Category: Professional Posters
Purpose: Patients with AF are five times more likely to experience a stroke. Current guidelines recommend the use of stroke risk scores such as the CHA2DS2-VASc to identify high-risk patients for primary stroke prevention through prophylactic anticoagulation. Recent studies found that approximately 39% of high-risk non-valvular AF patients remain untreated. This study was designed to assess baseline rates of risk score documentation and anticoagulation to determine local guideline compliance and areas of opportunity for electronic clinical decision support tools.
Methods: This baseline assessment was conducted through retrospective analysis of electronic health record (EHR) data. An EHR report was built to query for patients diagnosed with AF during a face-to-face, emergency department, or admission encounter from January 1, 2018 to December 31, 2018. The report was designed to first identify the total number of unique AF patients, and then determine the rates of risk score documentation and anticoagulation in this population. Documentation rates for the currently recommended CHA2DS2-VASc as well as the older CHADS2 score were collected. Due to limitations with the data source, scores were only captured if they were entered in structured fields (i.e. flowsheets). Data were also collected regarding encounter types associated with score documentation, with a random sample of encounters manually reviewed.
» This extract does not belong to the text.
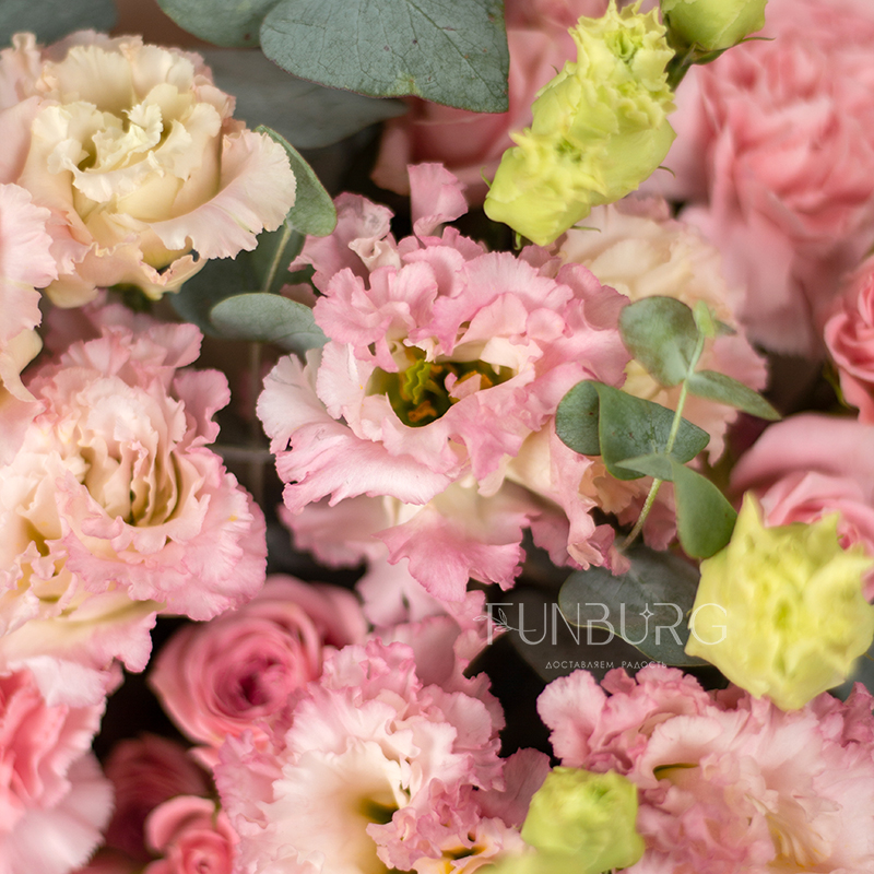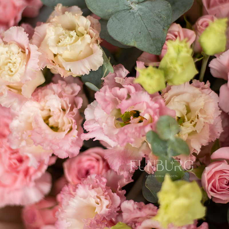 Нежный кружевной букет из румяно-розовых ажурных эустом, конфетных кустовых роз и диантусов, оттенённых веточками эвкалипта.

With recent guidelines recommending the use of direct oral anticoagulants (DOAC) over warfarin in eligible patients, the report was built to capture separate utilization rates for warfarin, apixaban, betrixaban, dabigatran, edoxaban, and rivaroxaban.
Results: The EHR report identified 16,230 unique AF patients. The report found that the CHADS2 score was not utilized during the specified timeframe but had historically (prior to 2018) been documented for 17% (n= 2,753) of patients. During 2018 a CHA2DS2-VASc score was documented for 12% (n= 1,887) of patients. The majority of documented scores were attributable to an anticoagulation clinic encounter (84%) or telephone encounter (15%). A supplemental EHR query searching for CHA2DS2-VASc scores documented in unstructured fields (i.e. freeform provider notes) yielded a variety of formats and documentation methods that made utilization of these scores for any standardized systemic intervention unfeasible. Of the unique AF patients 60% (n= 9,771) had an oral anticoagulant ordered during the study period. Apixaban was ordered most frequently (31%), followed by warfarin (20%) and rivaroxaban (13%), with negligible use of dabigatran, edoxaban, and betrixaban.
Conclusion: This baseline assessment revealed that only 12% of AF patients in our system had stroke risk scores documented in structured data fields. Risk scores documented in unstructured fields could not be reliably abstracted. To be able to employ electronic clinical decision support tools to promote guideline compliance, standardized risk score documentation must be improved upon first.